IN LIKE MANNER, “Name the illegal voter, specifically, that was convicted, or you haven’t proved any illegal voters exist.”
Because I can show that there were some illegal voters, and I can show that the process of finding illegal voters is untrustworthy, I can reliably infer that there were more illegal voters in an election than there were CONVICTED illegal voters in an election.
Do you agree?
Incidentally, when did the RCC become opposed to the death penalty? Their history suggests they were very much hands-on in favour for a very very long time.

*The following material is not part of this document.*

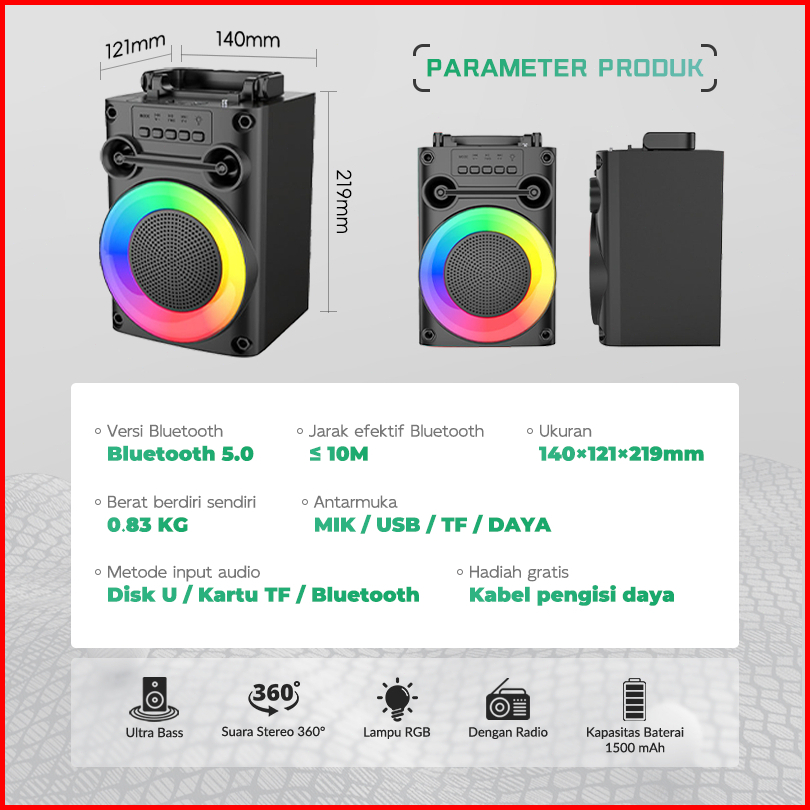 Speaker Bluetooth Karaoke 4 Inch 2 Mic Super Bass Protable Salon Aktif Bt Hi-fi Zqs1455

Further incidentally, if in numerous U.S. states, the death penalty has popular support, legislative support and executive support and is settled law, isn’t Bricker advocating imposing his own moral standard on these states any time he speaks in opposition to the death penalty? Should these states put him on a watchlist as a possible insurrectionist/revolutionary?
No.
I have always said that despite my opposition to the death penalty, I would be dismayed over and strongly oppose a judicial finding that it was unconstitutional. I have explicitly acknowledged that it is constitutional, and don’t want courts to end it.
I certainly hope legislatures will end it, however.
See the difference?
Wouldn’t it be IN EVEN MORE LIKE MANNER to name citizens who were unable to vote because of enhanced ID laws? They’re a lot more analogous to the executed innocent than illegal voters, in the sense that both are victims of governmental false positives. Otherwise, what’s your point? “Look, some people are denying something, and that’s just like those other people over there who are denying something!” Big deal.
And it remains unclear who in this thread is denying that illegal votes were ever cast, so the relevance is even more tenuous.
Sure, and I can show reliable inferences that the estimated number of people blocked from voting is several magnitudes larger than your inferred number of people who got away with illegally voting, so now you have to decide - is punishing a small number of guilty people worth punishing a larger number of innocent people? Of relevance to the death penalty, is the satisfaction of killing a murderer worth the risk of killing an innocent?